Abstract

This study reconstructs the 1928–1929 correspondence between Reichenbach and Einstein about the latter’s latest distant parallelism-unified field theory, which attracted considerable public attention at the end of the 1920s. Reichenbach, who had recently become a Professor in Berlin, had the opportunity to discuss the theory with Einstein and therefore sent him a manuscript with some comments for feedback. The document has been preserved among Einstein’s papers. However, the subsequent correspondence took an unpleasant turn after Reichenbach published a popular article on distant parallelism in a newspaper. Einstein directly wrote to the Editorial Board complaining about Reichenbach’s unfair use of off-the-record information.

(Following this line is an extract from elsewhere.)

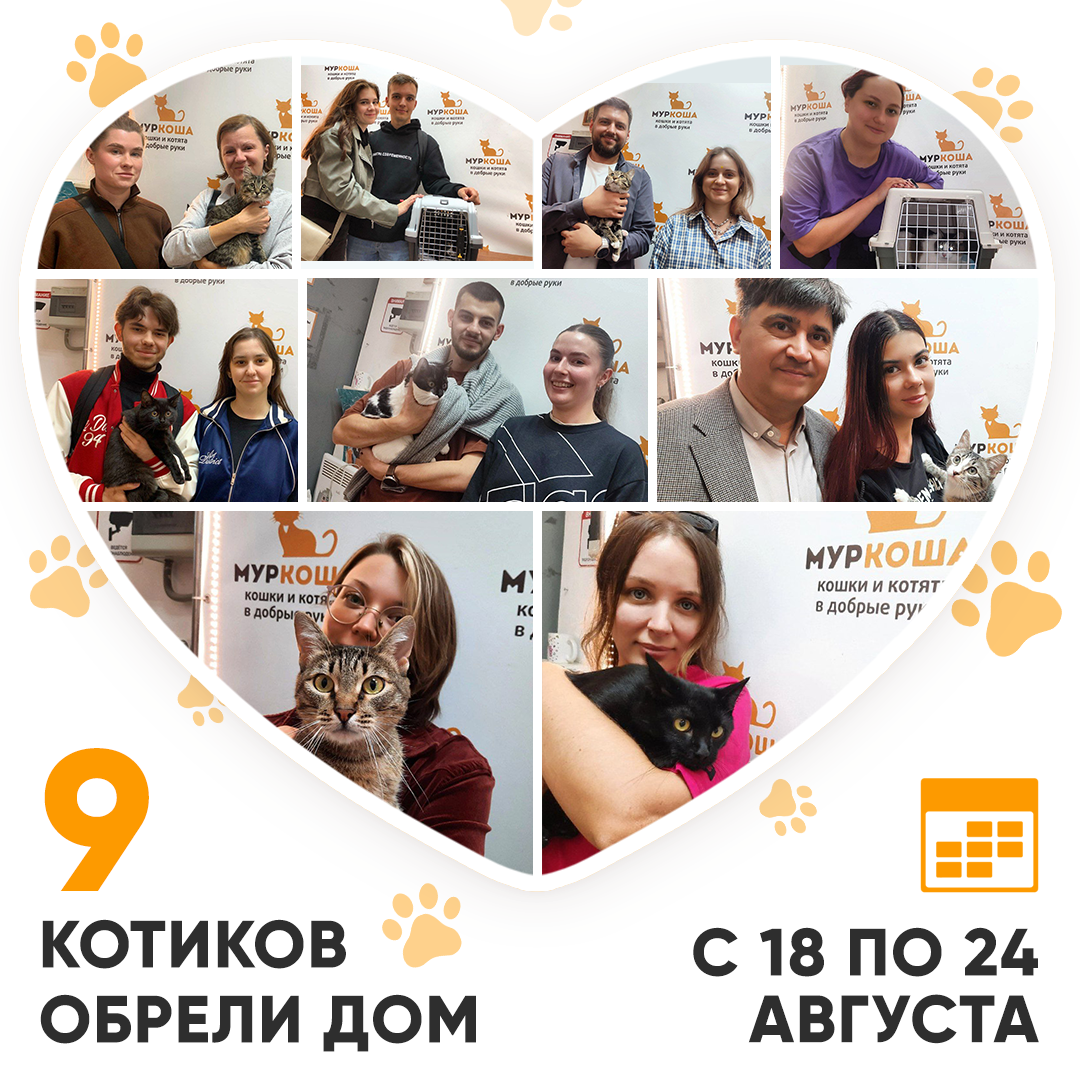 Друзья! Сегодня среда, и мы, как обычно, подводим итоги работы «Муркоши» за прошедшую неделю. Кто же стал счастливым выпускником Центра помощи кошкам «Муркоша» с 18 по 24 августа 2025 года? 😺 🥳 Итак, за прошедшую неделю домашними и любимыми стали 9 котиков! Активная Альчи прибыла к нам с улицы. А сегодня она весело проводит время в семье, которая недавно забирала домой нашу выпускницу Эспрессо! Милого Уютика нашли на улице. Спустя два месяца котик отыскал хозяйку и отправился домой, где уже живёт наш выпускник Баскет! Розовоносая Пандочка была домашней, однако в связи с обстоятельствами ей пришлось искать новое место жительства. В «Муркоше» Пандочка и встретила своё счастье! Малыш Нэш поступил в приют с передержки. Спустя всего месяц лапочка понравился людям, которые и забрали милого питомца домой! Котик со сладким именем Мафин раньше жил дома, но получилось так, что он оказался в приюте. Мы рады, что благодаря «Муркоше» у Мафина получилось найти свою судьбу! Готика нашли на улице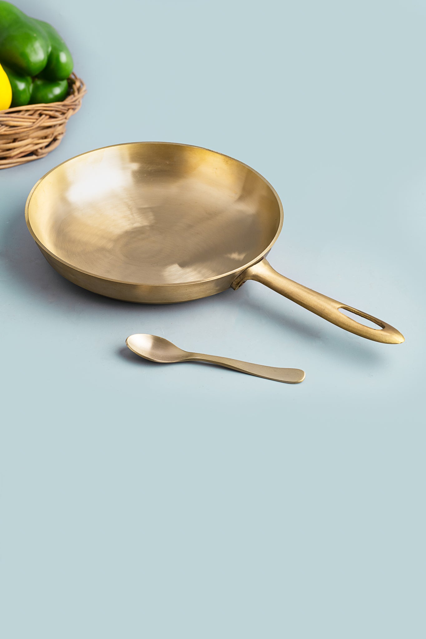 The Bronze/Kansa Sauté /Fry Pan from 80's Cookware - a must-have addition to your kitchen. This meticulously crafted pan offers exceptional performance and durability for all your sautéing needs.

While Reichenbach’s reply demonstrates a sense of personal betrayal at Einstein’s behavior, his published writings of that period point to a sense of intellectual betrayal of their shared philosophical ideals. In his attempts to unify both electricity and gravitation, Einstein had abandoned the physical heuristic that guided him to the relativity theory, to embrace a more speculative, mathematical heuristic that he and Reichenbach had both previously condemned. A decade-long personal and intellectual friendship grew fainter and then never recovered. This study, relying on archival material, aims to revisit the Reichenbach–Einstein relationship in the late 1920s in light of Reichenbach’s neglected contributions to the epistemology of the unified field theory program. Thereby, it hopes to provide a richer account of Reichenbach’s philosophy of space and time.